- Problem details: Could you print each line of the material below exactly?

--- START ---

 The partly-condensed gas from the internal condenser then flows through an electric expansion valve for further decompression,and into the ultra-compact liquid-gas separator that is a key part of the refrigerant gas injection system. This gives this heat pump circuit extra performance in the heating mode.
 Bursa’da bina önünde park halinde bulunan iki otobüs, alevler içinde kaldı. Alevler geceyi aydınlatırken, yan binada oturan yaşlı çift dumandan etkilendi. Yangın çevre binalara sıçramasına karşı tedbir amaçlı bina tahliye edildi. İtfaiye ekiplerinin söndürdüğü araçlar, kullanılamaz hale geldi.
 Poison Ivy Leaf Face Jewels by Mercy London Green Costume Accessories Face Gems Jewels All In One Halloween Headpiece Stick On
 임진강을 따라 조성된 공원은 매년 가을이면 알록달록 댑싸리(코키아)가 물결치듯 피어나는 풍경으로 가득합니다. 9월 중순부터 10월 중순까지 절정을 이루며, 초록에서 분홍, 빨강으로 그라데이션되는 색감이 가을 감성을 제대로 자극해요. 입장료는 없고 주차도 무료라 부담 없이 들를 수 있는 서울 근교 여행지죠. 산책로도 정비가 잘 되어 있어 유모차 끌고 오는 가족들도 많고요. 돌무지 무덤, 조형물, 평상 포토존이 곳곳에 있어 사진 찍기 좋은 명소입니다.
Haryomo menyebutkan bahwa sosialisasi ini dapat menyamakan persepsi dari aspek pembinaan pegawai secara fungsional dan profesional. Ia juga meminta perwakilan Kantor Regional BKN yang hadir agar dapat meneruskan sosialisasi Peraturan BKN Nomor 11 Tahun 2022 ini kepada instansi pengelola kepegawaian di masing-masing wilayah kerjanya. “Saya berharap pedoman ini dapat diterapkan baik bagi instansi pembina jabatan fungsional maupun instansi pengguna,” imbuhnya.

--- END ---

- Answer to the exercise:
 The partly-condensed gas from the internal condenser then flows through an electric expansion valve for further decompression,and into the ultra-compact liquid-gas separator that is a key part of the refrigerant gas injection system. This gives this heat pump circuit extra performance in the heating mode.
 Bursa’da bina önünde park halinde bulunan iki otobüs, alevler içinde kaldı. Alevler geceyi aydınlatırken, yan binada oturan yaşlı çift dumandan etkilendi. Yangın çevre binalara sıçramasına karşı tedbir amaçlı bina tahliye edildi. İtfaiye ekiplerinin söndürdüğü araçlar, kullanılamaz hale geldi.
 Poison Ivy Leaf Face Jewels by Mercy London Green Costume Accessories Face Gems Jewels All In One Halloween Headpiece Stick On
 임진강을 따라 조성된 공원은 매년 가을이면 알록달록 댑싸리(코키아)가 물결치듯 피어나는 풍경으로 가득합니다. 9월 중순부터 10월 중순까지 절정을 이루며, 초록에서 분홍, 빨강으로 그라데이션되는 색감이 가을 감성을 제대로 자극해요. 입장료는 없고 주차도 무료라 부담 없이 들를 수 있는 서울 근교 여행지죠. 산책로도 정비가 잘 되어 있어 유모차 끌고 오는 가족들도 많고요. 돌무지 무덤, 조형물, 평상 포토존이 곳곳에 있어 사진 찍기 좋은 명소입니다.
Haryomo menyebutkan bahwa sosialisasi ini dapat menyamakan persepsi dari aspek pembinaan pegawai secara fungsional dan profesional. Ia juga meminta perwakilan Kantor Regional BKN yang hadir agar dapat meneruskan sosialisasi Peraturan BKN Nomor 11 Tahun 2022 ini kepada instansi pengelola kepegawaian di masing-masing wilayah kerjanya. “Saya berharap pedoman ini dapat diterapkan baik bagi instansi pembina jabatan fungsional maupun instansi pengguna,” imbuhnya.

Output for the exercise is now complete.